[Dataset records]
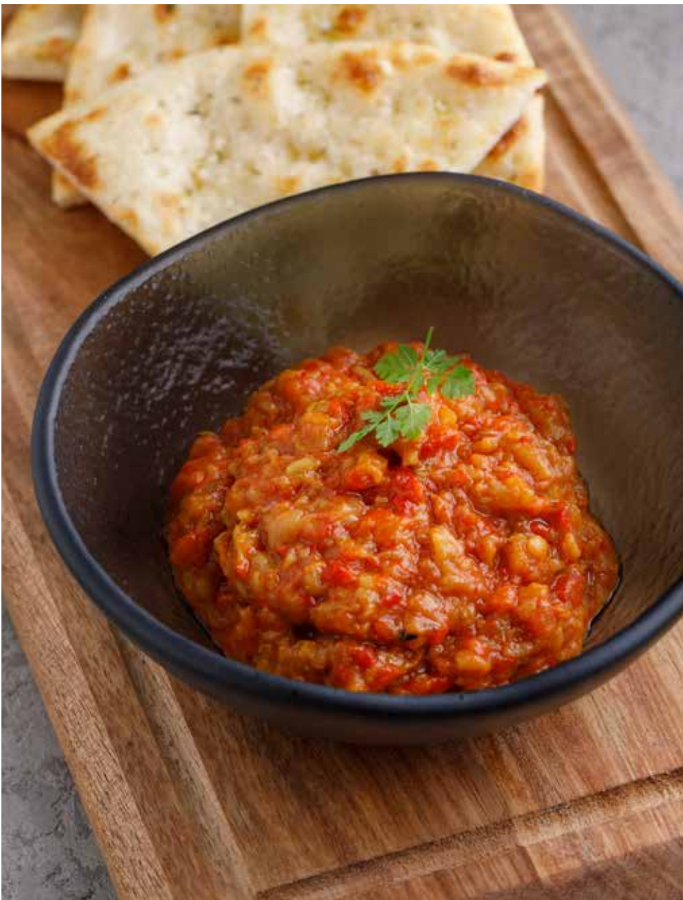
Баклажанная икра по-домашнему 170/60 г 540 ₽ Homemade eggplant pate | 家制茄子酱

Отварной говяжий язык 100/30 г 460 ₽ Boiled beef tongue | 煮牛舌 Ростбиф 100/30 г 640 ₽ Roast beef | 烤牛肉
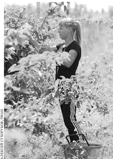
Ручной сбор ягод уходит в прошлое, так как не позволяет наращивать объемы производства.
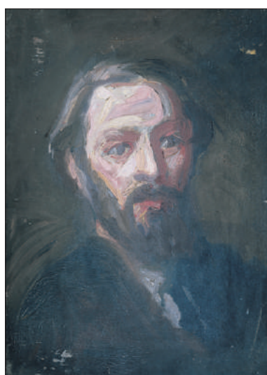
■ Portret van Pier Pander.
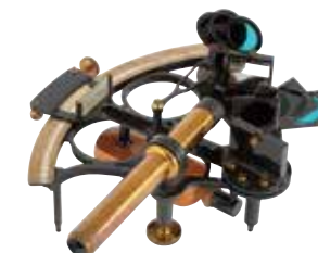
六分儀 航海中に天体の 高度を測定 (旧制長岡高等工業学校)
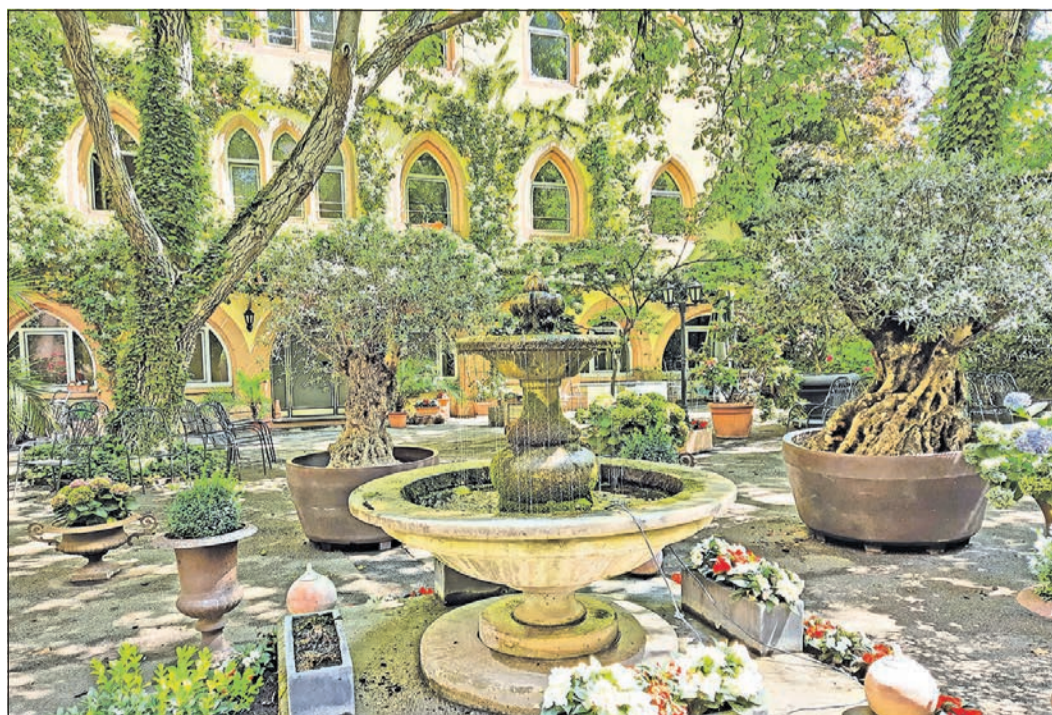
Eine Oase der Ruhe: Der idyllische Garten im Innenhof von St. Martin lädt zum Verweilen und Entspannen ein.

! Nibelungenmuseum, Fischerpfortchen 10: Öffnungszeiten dienstags bis freitags von 10 bis 17 Uhr, samstags und sonntags von 10 bis 18 Uhr; Kaiserdom St. Peter: Besichtigung im Sommerhalbjahr montags bis freitags von 9 bis 17.45 Uhr, samstags von 9 bis 17.30 Uhr und sonntags von 12.45 bis 16.45 Uhr, Domführung werktags um 14 Uhr ab Südportal. Nibelungen-Festspiele „Hildensaga. ein königinnendrama“ von Ferdinand Schmalz, eines der bekanntesten Open-Air-Theaterfestivals Deutschlands, auf der Freilichtbühne vor dem Dom noch bis zum 31. Juli.
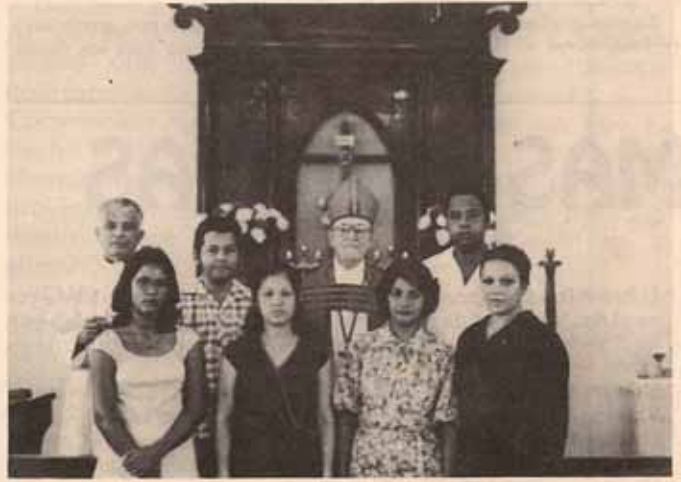
Visita Pastoral a la Iglesia Todos los Santos en Vieques.
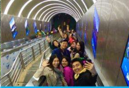
บันไดเลื่อนทะลุภูเขา

EXERCISE AIM | Write every line above again exactly, but leave the pictures out.

ANSWER SECTION |
Баклажанная икра по-домашнему 170/60 г 540 ₽ Homemade eggplant pate | 家制茄子酱

Отварной говяжий язык 100/30 г 460 ₽ Boiled beef tongue | 煮牛舌 Ростбиф 100/30 г 640 ₽ Roast beef | 烤牛肉
Ручной сбор ягод уходит в прошлое, так как не позволяет наращивать объемы производства.
■ Portret van Pier Pander.
六分儀 航海中に天体の 高度を測定 (旧制長岡高等工業学校)
Eine Oase der Ruhe: Der idyllische Garten im Innenhof von St. Martin lädt zum Verweilen und Entspannen ein.

! Nibelungenmuseum, Fischerpfortchen 10: Öffnungszeiten dienstags bis freitags von 10 bis 17 Uhr, samstags und sonntags von 10 bis 18 Uhr; Kaiserdom St. Peter: Besichtigung im Sommerhalbjahr montags bis freitags von 9 bis 17.45 Uhr, samstags von 9 bis 17.30 Uhr und sonntags von 12.45 bis 16.45 Uhr, Domführung werktags um 14 Uhr ab Südportal. Nibelungen-Festspiele „Hildensaga. ein königinnendrama“ von Ferdinand Schmalz, eines der bekanntesten Open-Air-Theaterfestivals Deutschlands, auf der Freilichtbühne vor dem Dom noch bis zum 31. Juli.
Visita Pastoral a la Iglesia Todos los Santos en Vieques.
บันไดเลื่อนทะลุภูเขา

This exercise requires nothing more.